Thoughts On: Taris - Poetic Documentary


Taris - Poetic Documentary

Quick Thoughts: Taris (1931)

A poetic depiction of a world champion swimmer.

Taris is a short documentary about the French swimming champion, multiple medal winner and world record holder, Jean Taris, in which he teaches a lesson in swimming. It is through this film and some mesmerising imagery capturing Taris under water that Jean Vigo furthers his approach to poetic realism and documentary. He also sustains some amount of commentary on French society with a little montage depicting an overweight person in a pool, floundering, throwing his body around, and a swimming instructor 'teaching' people how to swim out of the water. In fact, it's very easy to consider Taris as a film through which Vigo maybe tried to inspire or inform through an influential, high-standing figure.
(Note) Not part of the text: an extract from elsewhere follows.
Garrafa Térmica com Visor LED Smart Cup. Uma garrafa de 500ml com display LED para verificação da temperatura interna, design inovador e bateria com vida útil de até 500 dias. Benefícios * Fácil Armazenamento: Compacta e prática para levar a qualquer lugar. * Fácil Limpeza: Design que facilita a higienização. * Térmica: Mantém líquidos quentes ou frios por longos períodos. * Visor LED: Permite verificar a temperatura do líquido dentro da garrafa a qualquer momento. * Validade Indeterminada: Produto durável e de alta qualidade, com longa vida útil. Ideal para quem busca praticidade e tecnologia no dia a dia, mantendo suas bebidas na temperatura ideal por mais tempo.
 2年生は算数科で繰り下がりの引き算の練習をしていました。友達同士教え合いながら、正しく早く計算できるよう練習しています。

However, what certainly overshadows the subtext of this narrative is its aesthetic beauty. With brilliant close-ups and cinematography that captures the textures and atmosphere of both a swimming pool and a body of water, Vigo finds mesmerising beauty in the seemingly simple act of swimming. Moreover, the slow and reverse motion that demonstrate the intricate forms and processes of Taris' movement are entirely astounding.
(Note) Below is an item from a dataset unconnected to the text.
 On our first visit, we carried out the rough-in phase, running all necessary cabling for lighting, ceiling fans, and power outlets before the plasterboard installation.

What Taris then serves to be is an excellent film through which to understand the idea of a poetic documentary as well as its purposes. Whilst an average expository documentary that simply informs (which Taris is to a certain extent) only means to educate in a direct and calculated manner, poetic forms of documentary are intended to be much more ambiguous and intellectually/emotionally engaging. The end goal of poetic documentaries is then exposition through spectacle that actually reinforces the message of a narrative - a great example of this in Taris being the final image that implies that swimming pervades Taris' whole life.
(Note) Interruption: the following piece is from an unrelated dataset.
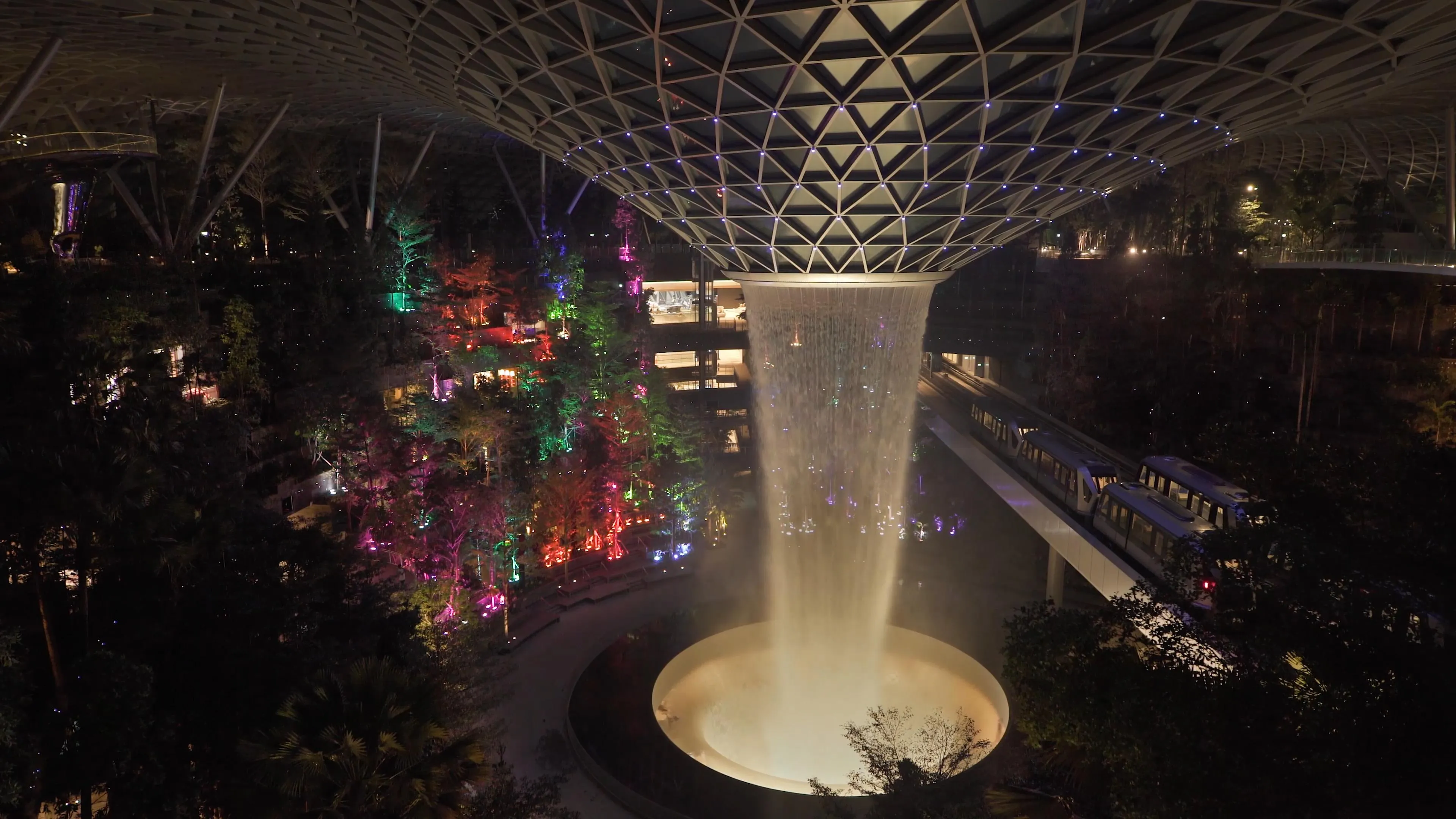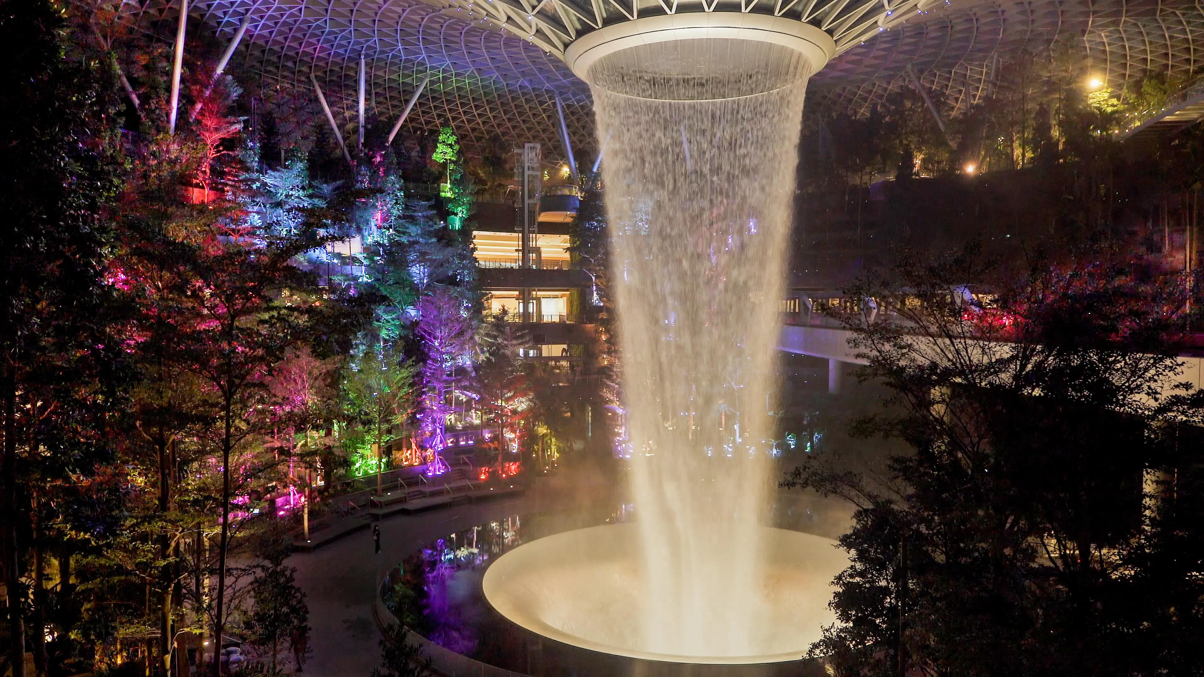 The trees of the Shiseido Forest Valley at Jewel Changi Airport shine brightly. Each tree’s light is autonomous, shining brightly and then fading as if it’s breathing.

This brings us back to the idea that Vigo aimed to inspire French people through a depiction of a successful and dedicated figure in a field that is easily considered a recreational pass time; he didn't simply mean to tell his audience to swim and find greater meaning and purpose in the leisurely activity, but entice them into a realm of thought whereby they choose to engage the act of swimming and consider it in a more complex and even profound way.

All in all, Taris is an enthralling film as well as a commentary on film form and film content that marks a significant aspect of Jean Vigo's style and approach to cinema.